Typical yearly reference ranges:
| Performance band | Approx percent of active accounts per year |
|---|---|
| Strong | Under 0.01% |
| Typical | 0.05% to 0.15% |
| Critical | Over 0.20% |
Numerator: Compromised Accounts#
Count an account in Compromised Accounts when we have confirmation of unauthorized access with evidence of attacker control, for example confirmed fraud actions, verified user report with corroborating telemetry or a completed incident review. Do not count blocked attacks, suspicious logins that were challenged successfully, credential stuffing attempts that never succeed or phishing reports without a confirmed compromised session.
| Detection signal | What it indicates | Action |
|---|---|---|
| Single IP successfully logs into many accounts | High quality credential list in use | Flag all sessions from that IP for review |
| IP with many failed attempts suddenly matches | Credential stuffing hit after brute forcing | Confirm takeover, invalidate session |
| User reports unauthorized activity | Potential takeover with corroborating telemetry | Investigate and confirm before counting |
| Unusual device or location after password login | Session hijack or credential reuse | Verify with user before confirming |
Denominator: Active Accounts#
Count an account in Active Accounts when it had meaningful activity in the same period, commonly at least one successful authentication or a verified session. Do not count disabled accounts, known test accounts or synthetic monitoring identities. Keep the activity rule stable over time, because changing it will move the metric without changing security.

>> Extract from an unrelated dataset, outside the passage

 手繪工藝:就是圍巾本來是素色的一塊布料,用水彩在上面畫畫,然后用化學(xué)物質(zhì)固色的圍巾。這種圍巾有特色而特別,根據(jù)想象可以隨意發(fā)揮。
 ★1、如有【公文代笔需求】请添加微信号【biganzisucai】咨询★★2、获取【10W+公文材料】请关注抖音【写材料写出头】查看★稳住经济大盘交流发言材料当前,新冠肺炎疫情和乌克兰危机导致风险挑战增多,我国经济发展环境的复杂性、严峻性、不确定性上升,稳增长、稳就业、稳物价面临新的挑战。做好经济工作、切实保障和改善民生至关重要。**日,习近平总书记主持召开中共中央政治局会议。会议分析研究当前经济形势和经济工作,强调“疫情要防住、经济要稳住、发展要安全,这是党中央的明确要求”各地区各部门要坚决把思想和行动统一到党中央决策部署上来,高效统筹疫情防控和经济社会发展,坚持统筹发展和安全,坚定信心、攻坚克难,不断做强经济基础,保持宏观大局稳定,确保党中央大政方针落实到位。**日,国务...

How to use Account Takeover Rate to improve outcomes#
We use Account Takeover Rate to reduce confirmed compromise, then validate that reductions reflect fewer real takeovers, not weaker detection.
Risk-based challenging is an effective way to reduce Account Takeover Rate without introducing MFA for all users or requiring stronger authentication methods like passkeys. By triggering challenges only when signals indicate elevated risk (unusual IP, new device, impossible travel), you block most credential stuffing attempts while keeping friction low for legitimate users.

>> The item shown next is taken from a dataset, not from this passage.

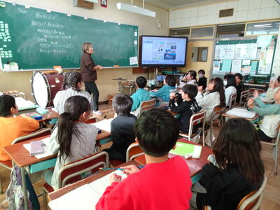 クラスごとに発表のスライドを見せながら、クイズや質問もしながら全校児童に伝えました。

We can improve the following business outcomes:
- Lower fraud loss and chargebacks: If Account Takeover Rate rises in high value cohorts, we diagnose weak authentication and recovery controls, we roll out phishing resistant sign in such as passkeys and tighten recovery verification, we validate with a lower takeover rate in that cohort.
- Lower user drop off with stronger security: If Account Takeover Rate falls but abandonment rises, we diagnose added friction, we tune step up policies and improve passkey enrollment UX, we validate by holding takeover rates down while sign in completion remains stable.
- Lower support contacts caused by compromise: If Account Takeover Rate is flat but support contacts spike, we diagnose remediation burden and unclear recovery, we improve account recovery journeys and automated containment, we validate with fewer contacts per takeover and faster resolution time.
- Lower abuse exposure from fallback methods: If takeovers cluster around recovery or one time codes, we diagnose weak fallback, we reduce risky fallback options and add stronger recovery proof, we validate by segmenting incidents by recovery path.
Blindspots and common pitfalls of Account Takeover Rate#
- Intent and selection bias: Confirmed takeovers often skew toward accounts that transact or complain, so Account Takeover Rate can understate harm in silent segments.
- Missing telemetry or inconsistent logging: If
ato_confirmedevents are not consistently emitted, or confirmation rules vary by team, the metric moves due to process changes, not attacker success. - Mix shifts across segments: If the active population shifts toward new geographies, new device types, or higher risk cohorts, Account Takeover Rate can rise even if controls are unchanged.
- Detection lag: Takeovers are often confirmed days later, so short reporting windows can look better or worse depending on investigation backlog.
- Definition creep: Mixing blocked attempts into the numerator will inflate the metric and blur the difference between prevention and detection.